WORK REQUIRED → All of the listing is to be written out word for word, with the pictures left out.

THE DATA →
== Segment start ==

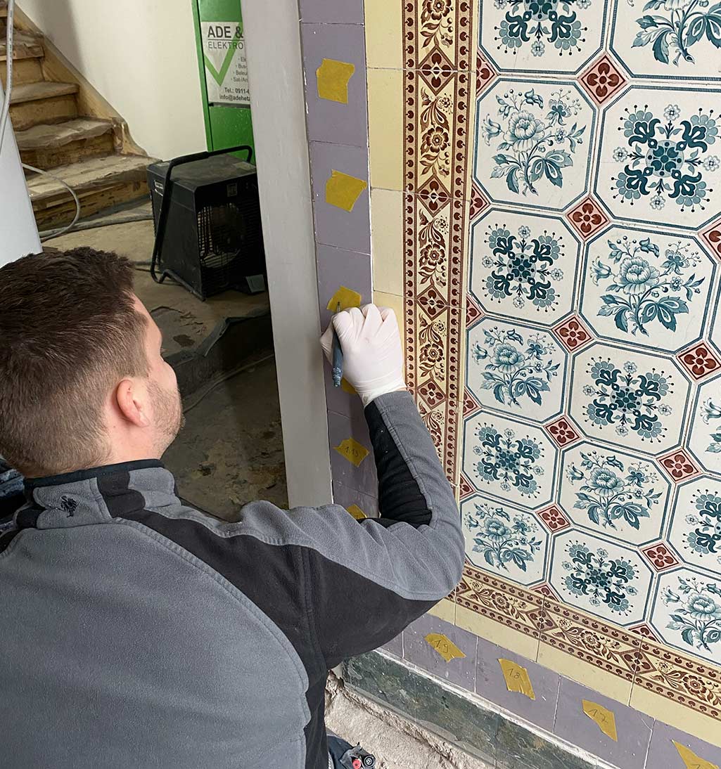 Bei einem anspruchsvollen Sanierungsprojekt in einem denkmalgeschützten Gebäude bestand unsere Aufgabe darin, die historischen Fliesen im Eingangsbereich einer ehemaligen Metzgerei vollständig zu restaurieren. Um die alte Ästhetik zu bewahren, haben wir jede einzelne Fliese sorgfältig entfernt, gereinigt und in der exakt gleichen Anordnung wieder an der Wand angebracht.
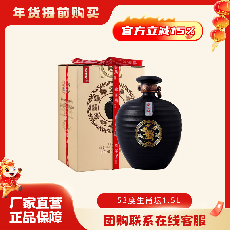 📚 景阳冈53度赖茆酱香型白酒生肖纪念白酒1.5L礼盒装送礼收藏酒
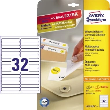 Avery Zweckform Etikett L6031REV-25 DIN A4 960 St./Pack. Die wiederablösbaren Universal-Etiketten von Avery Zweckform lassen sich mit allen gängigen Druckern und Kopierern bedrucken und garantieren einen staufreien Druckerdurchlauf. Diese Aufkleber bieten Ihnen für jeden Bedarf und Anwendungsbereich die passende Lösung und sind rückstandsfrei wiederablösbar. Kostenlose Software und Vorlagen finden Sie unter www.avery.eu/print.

== Segment end ==

ANSWER SECTION →
 Bei einem anspruchsvollen Sanierungsprojekt in einem denkmalgeschützten Gebäude bestand unsere Aufgabe darin, die historischen Fliesen im Eingangsbereich einer ehemaligen Metzgerei vollständig zu restaurieren. Um die alte Ästhetik zu bewahren, haben wir jede einzelne Fliese sorgfältig entfernt, gereinigt und in der exakt gleichen Anordnung wieder an der Wand angebracht.
 📚 景阳冈53度赖茆酱香型白酒生肖纪念白酒1.5L礼盒装送礼收藏酒
 Avery Zweckform Etikett L6031REV-25 DIN A4 960 St./Pack. Die wiederablösbaren Universal-Etiketten von Avery Zweckform lassen sich mit allen gängigen Druckern und Kopierern bedrucken und garantieren einen staufreien Druckerdurchlauf. Diese Aufkleber bieten Ihnen für jeden Bedarf und Anwendungsbereich die passende Lösung und sind rückstandsfrei wiederablösbar. Kostenlose Software und Vorlagen finden Sie unter www.avery.eu/print.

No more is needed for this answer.